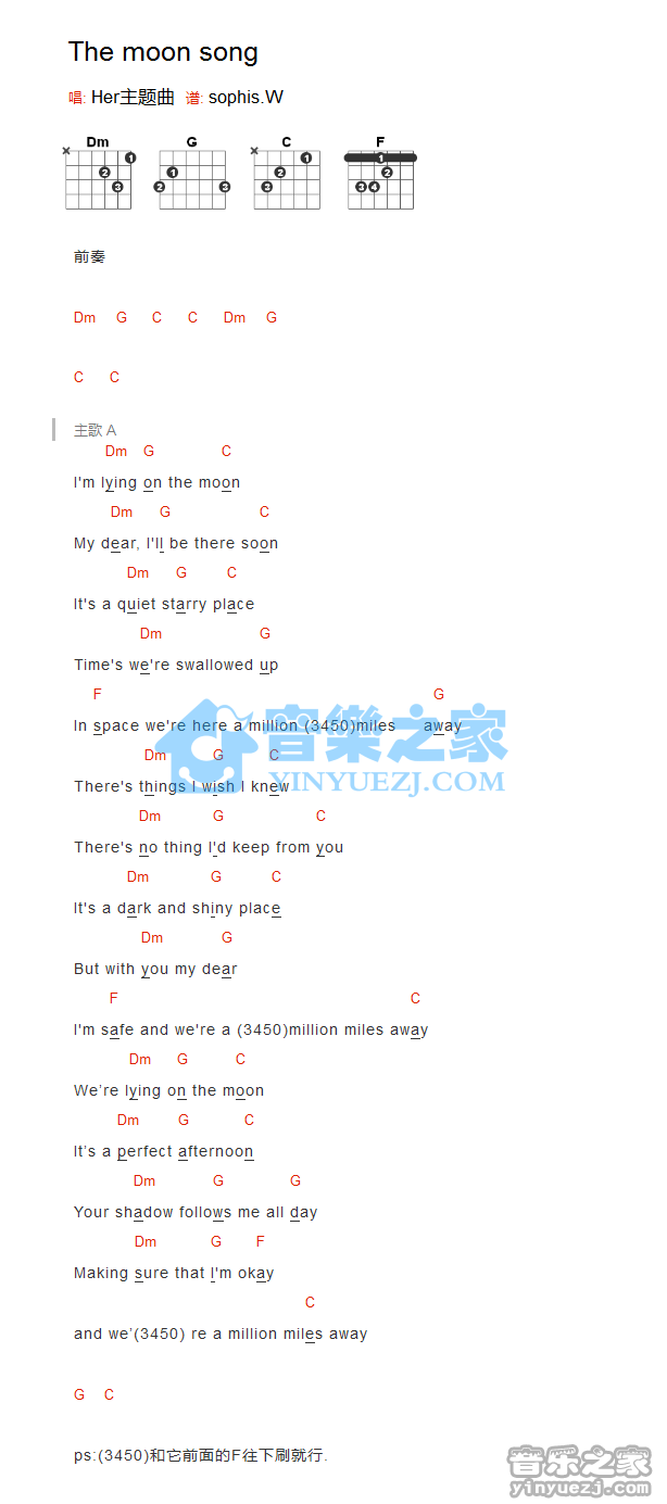 吉他Her主题曲《The moon song》吉他谱_吉他弹唱谱_YYZJ编配
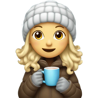 Girl with blonde hair, ear muffs, a beanie, with a puffy jacket holding hot coco in apple woman emoji style emoji
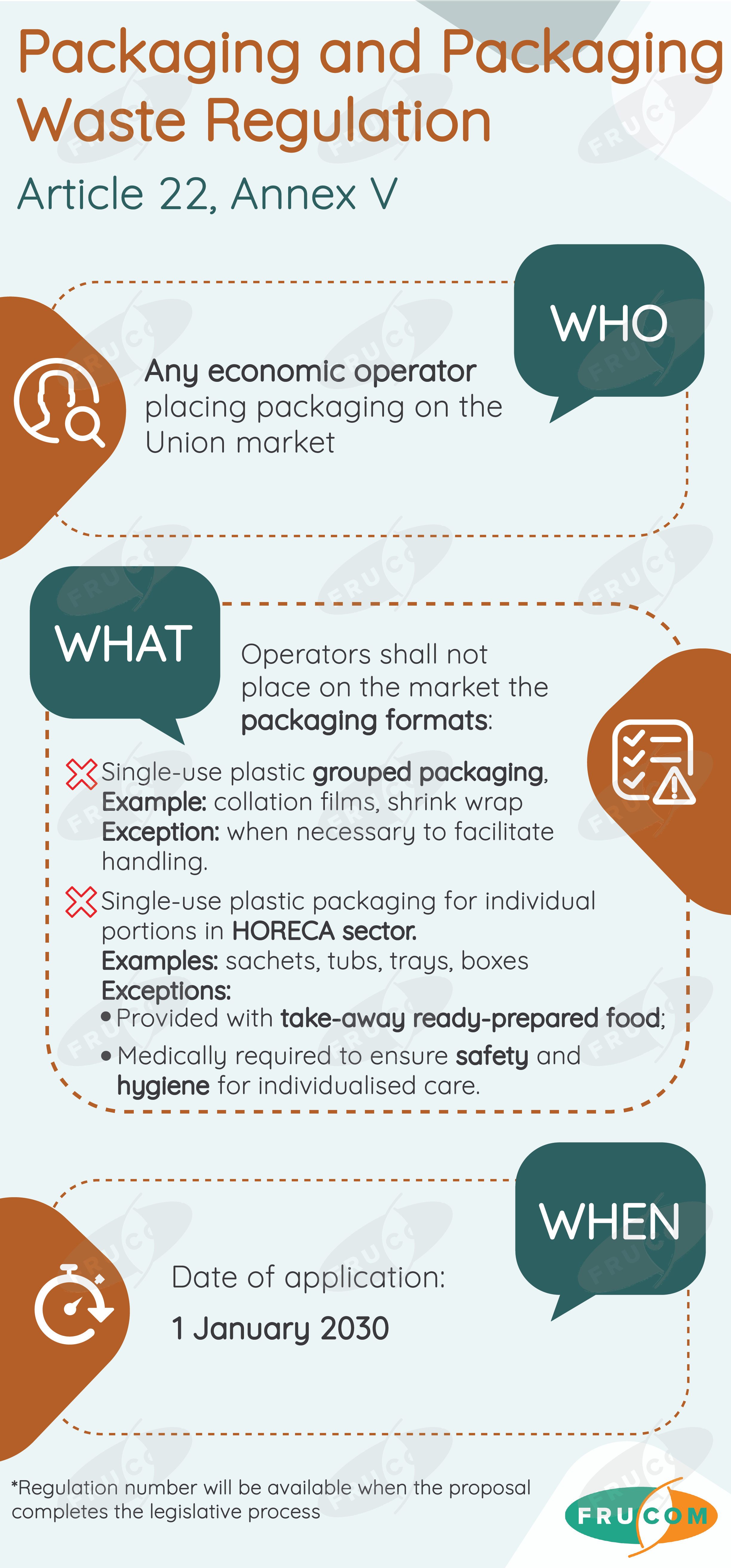 FRUCOM has developed simple visuals on EU sustainability legislation which focuses on who has to comply, what this compliance involves, and by when they will have to do so. The FRUCOM “At a Glance” visuals on EU sustainability legislation compliance can be downloaded below:
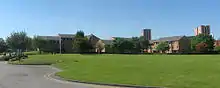 Castle Irwell Student Village was the largest area of accommodation, housing up to 1,600 students, and is on the site of the old Manchester Racecourse.[35] Castle Irwell was a popular choice for first years, due to the cheap rent, however Castle Irwell is no longer in use and has been superseded by the on-campus Peel Park Quarter. In 2016 the main building on the Castle Irwell site, known as 'the pav', was burned down in an arson attack.[36] Shortly after, demolition of the burnt and other derelict buildings on site commenced and completely cleared by early 2017.
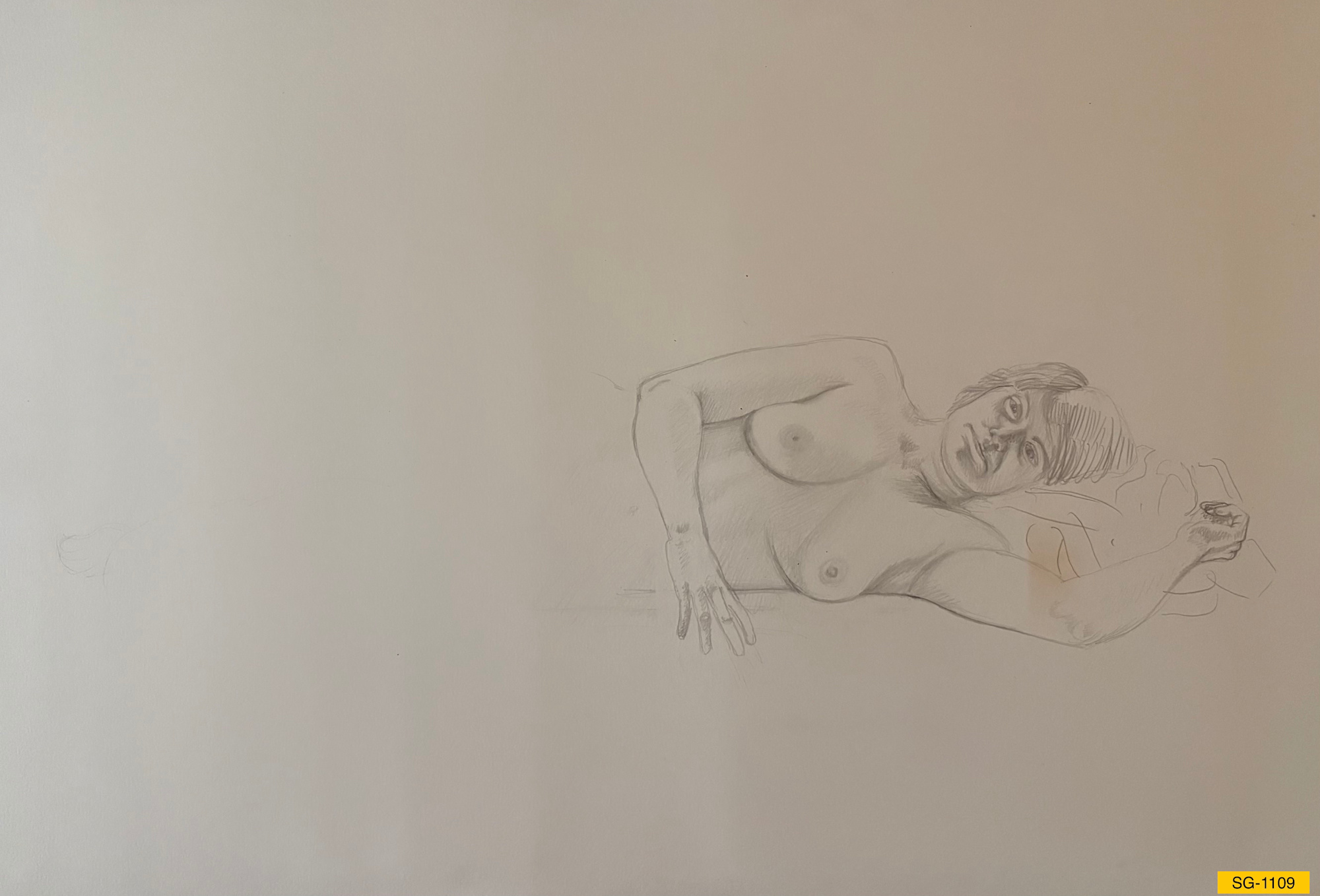 Nude female model laying prone facing the artist
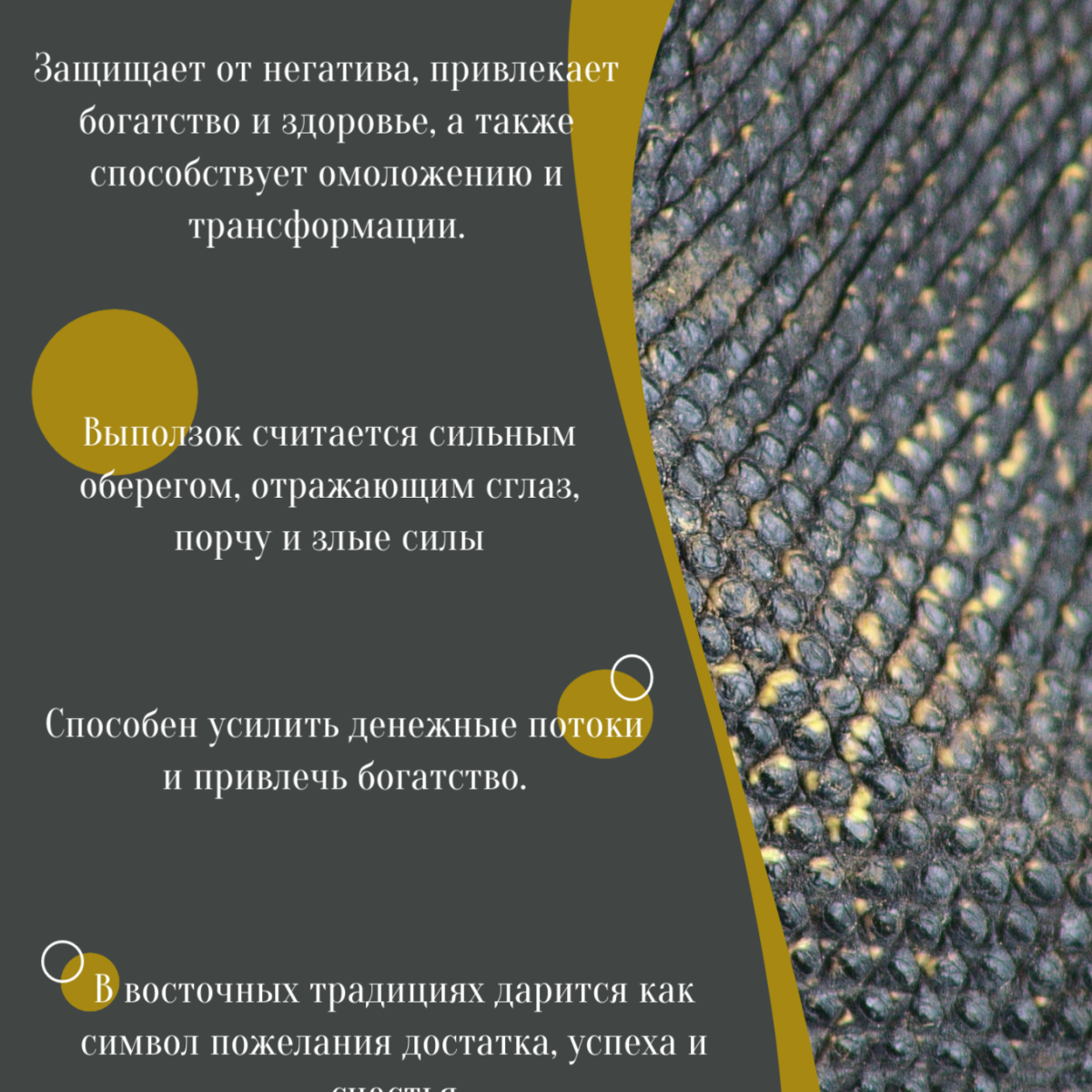 Выползок способен усилить денежные потоки и привлечь достаток. Способствует омоложению и трансформации.
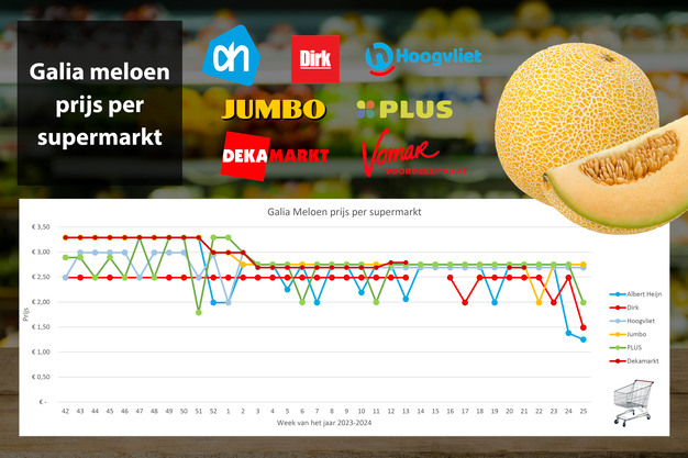 Een prijsverlaging bij Albert Heijn en aanbiedingen in Galia. AH verlaagt in week 25 de vaste prijs met 26 cent en ligt daarmee gelijk aan die van Dirk (2,49 euro per stuk). In aanbiedingen overtreft AH, de marktleider geeft 50% korting, Dirk haalde 1 euro van de prijs af, ook Plus had een aanbieding. Bij DekaMarkt is Galia al een tijdje niet beschikbaar in het online assortiment en ook Vomar heeft al twee weken geen Galia.
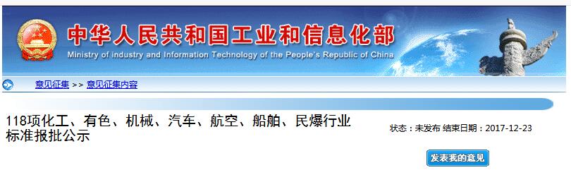 118項化工、有色、機(jī)械、汽車、航空、船舶、民爆行業(yè)標(biāo)準(zhǔn)報批公示
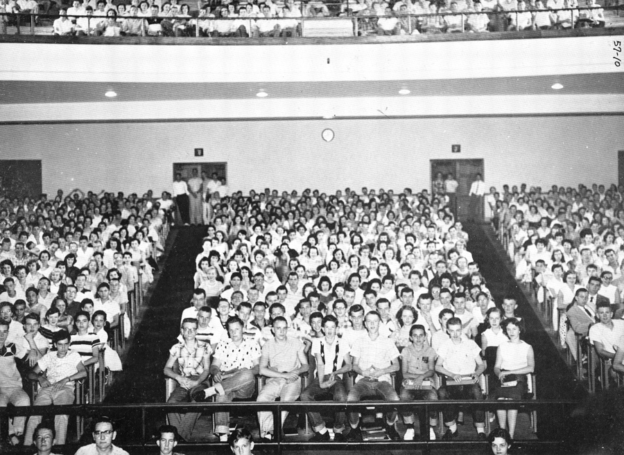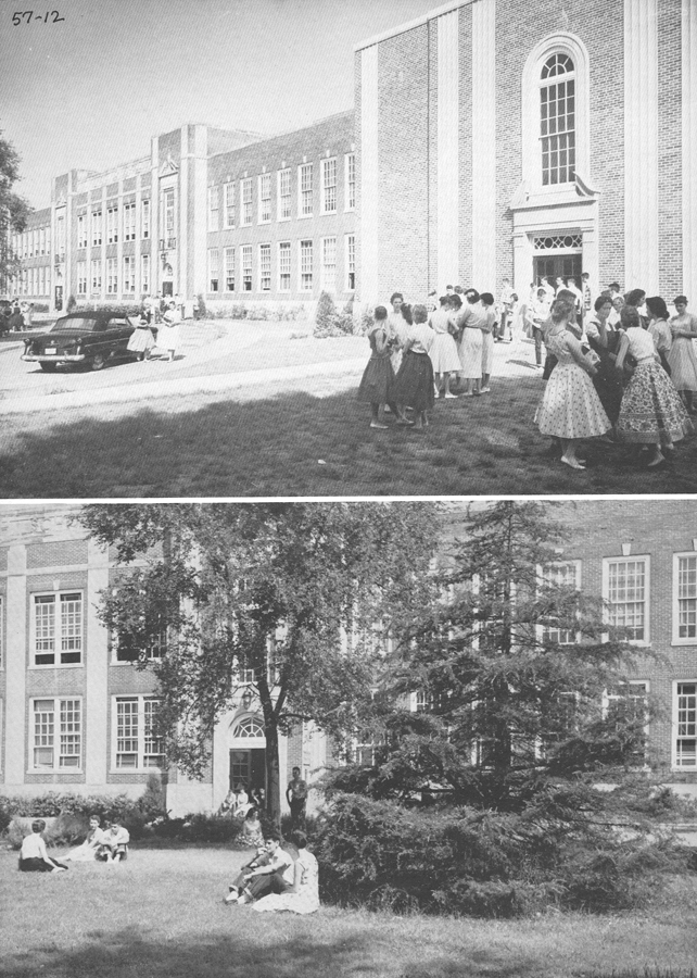 It was not until 1949 that new construction began to address the overcrowding, followed in 1955 by yet more construction, which between the two building episodes added more than two dozen new classrooms, a gymnasium, a lunchroom, and an auditorium. The addition more than doubled the capacity of the school.
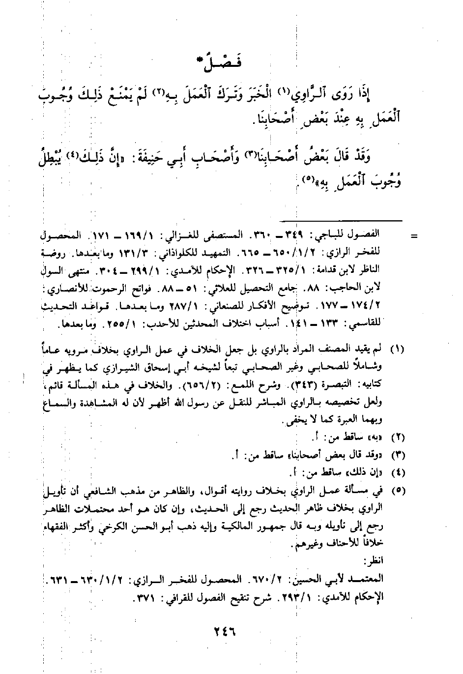 (١) لم يقيد المصنف المراد بالراوي بل جعل الخلاف في عمل الراوي بخلاف مرويه عامًا وشاملًا للصحابي وغير الصحابي تبعًا لشيخه أبي إسحاق الشيرازي كما يظهر في كتابيه: التبصرة (٣٤٣). وشرح اللمع: (٢/ ٦٥٦). والخلاف في هذه المسألة قائم، ولعل تخصيصه بالراوي المباشر للنقل عن رسول الله أظهر لأن له المشاهدة والسماع وبهما العبرة كما لا يخفى.
_ _ _
**WORK ITEM:** Retype the records verbatim, excluding each image they hold.

**OUTPUT FOR THIS EXERCISE:**
 吉他Her主题曲《The moon song》吉他谱_吉他弹唱谱_YYZJ编配
 Girl with blonde hair, ear muffs, a beanie, with a puffy jacket holding hot coco in apple woman emoji style emoji
 FRUCOM has developed simple visuals on EU sustainability legislation which focuses on who has to comply, what this compliance involves, and by when they will have to do so. The FRUCOM “At a Glance” visuals on EU sustainability legislation compliance can be downloaded below:
 Castle Irwell Student Village was the largest area of accommodation, housing up to 1,600 students, and is on the site of the old Manchester Racecourse.[35] Castle Irwell was a popular choice for first years, due to the cheap rent, however Castle Irwell is no longer in use and has been superseded by the on-campus Peel Park Quarter. In 2016 the main building on the Castle Irwell site, known as 'the pav', was burned down in an arson attack.[36] Shortly after, demolition of the burnt and other derelict buildings on site commenced and completely cleared by early 2017.
 Nude female model laying prone facing the artist
 Выползок способен усилить денежные потоки и привлечь достаток. Способствует омоложению и трансформации.
 Een prijsverlaging bij Albert Heijn en aanbiedingen in Galia. AH verlaagt in week 25 de vaste prijs met 26 cent en ligt daarmee gelijk aan die van Dirk (2,49 euro per stuk). In aanbiedingen overtreft AH, de marktleider geeft 50% korting, Dirk haalde 1 euro van de prijs af, ook Plus had een aanbieding. Bij DekaMarkt is Galia al een tijdje niet beschikbaar in het online assortiment en ook Vomar heeft al twee weken geen Galia.
 118項化工、有色、機(jī)械、汽車、航空、船舶、民爆行業(yè)標(biāo)準(zhǔn)報批公示
 It was not until 1949 that new construction began to address the overcrowding, followed in 1955 by yet more construction, which between the two building episodes added more than two dozen new classrooms, a gymnasium, a lunchroom, and an auditorium. The addition more than doubled the capacity of the school.
 (١) لم يقيد المصنف المراد بالراوي بل جعل الخلاف في عمل الراوي بخلاف مرويه عامًا وشاملًا للصحابي وغير الصحابي تبعًا لشيخه أبي إسحاق الشيرازي كما يظهر في كتابيه: التبصرة (٣٤٣). وشرح اللمع: (٢/ ٦٥٦). والخلاف في هذه المسألة قائم، ولعل تخصيصه بالراوي المباشر للنقل عن رسول الله أظهر لأن له المشاهدة والسماع وبهما العبرة كما لا يخفى.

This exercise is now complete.